* [Source material]
══════════
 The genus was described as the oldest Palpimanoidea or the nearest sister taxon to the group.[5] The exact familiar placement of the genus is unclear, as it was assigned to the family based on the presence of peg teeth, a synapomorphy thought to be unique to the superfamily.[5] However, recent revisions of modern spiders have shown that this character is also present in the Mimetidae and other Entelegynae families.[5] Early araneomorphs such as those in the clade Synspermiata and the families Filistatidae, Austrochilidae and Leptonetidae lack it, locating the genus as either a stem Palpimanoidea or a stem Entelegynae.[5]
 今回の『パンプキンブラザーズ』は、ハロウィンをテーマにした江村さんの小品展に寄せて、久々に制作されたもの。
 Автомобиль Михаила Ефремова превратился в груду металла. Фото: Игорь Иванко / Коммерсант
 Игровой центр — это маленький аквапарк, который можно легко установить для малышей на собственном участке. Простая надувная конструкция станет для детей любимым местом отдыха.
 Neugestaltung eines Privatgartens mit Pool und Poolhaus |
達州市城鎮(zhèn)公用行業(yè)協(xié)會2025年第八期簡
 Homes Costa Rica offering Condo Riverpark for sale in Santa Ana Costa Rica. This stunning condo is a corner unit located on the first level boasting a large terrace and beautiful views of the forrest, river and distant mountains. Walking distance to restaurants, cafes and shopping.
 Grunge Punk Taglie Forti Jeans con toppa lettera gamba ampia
══════════
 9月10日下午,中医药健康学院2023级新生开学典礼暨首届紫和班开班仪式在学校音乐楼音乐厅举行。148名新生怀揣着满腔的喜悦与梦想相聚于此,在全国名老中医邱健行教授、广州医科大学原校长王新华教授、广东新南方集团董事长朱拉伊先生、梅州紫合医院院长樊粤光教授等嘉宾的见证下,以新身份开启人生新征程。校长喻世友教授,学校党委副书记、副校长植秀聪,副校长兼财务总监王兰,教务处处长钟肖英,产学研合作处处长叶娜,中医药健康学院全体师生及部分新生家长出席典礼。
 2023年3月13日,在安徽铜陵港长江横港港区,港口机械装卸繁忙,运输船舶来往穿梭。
══════════
* [Problem to work on] Write out exactly the lines above from the line with "Игровой центр —" through the line with "達州市城鎮(zhèn)公用行業(yè)協(xié)會2025年第八期簡", both of them included, and leave out all other lines.

* [Written answer]
 Игровой центр — это маленький аквапарк, который можно легко установить для малышей на собственном участке. Простая надувная конструкция станет для детей любимым местом отдыха.
 Neugestaltung eines Privatgartens mit Pool und Poolhaus |
達州市城鎮(zhèn)公用行業(yè)協(xié)會2025年第八期簡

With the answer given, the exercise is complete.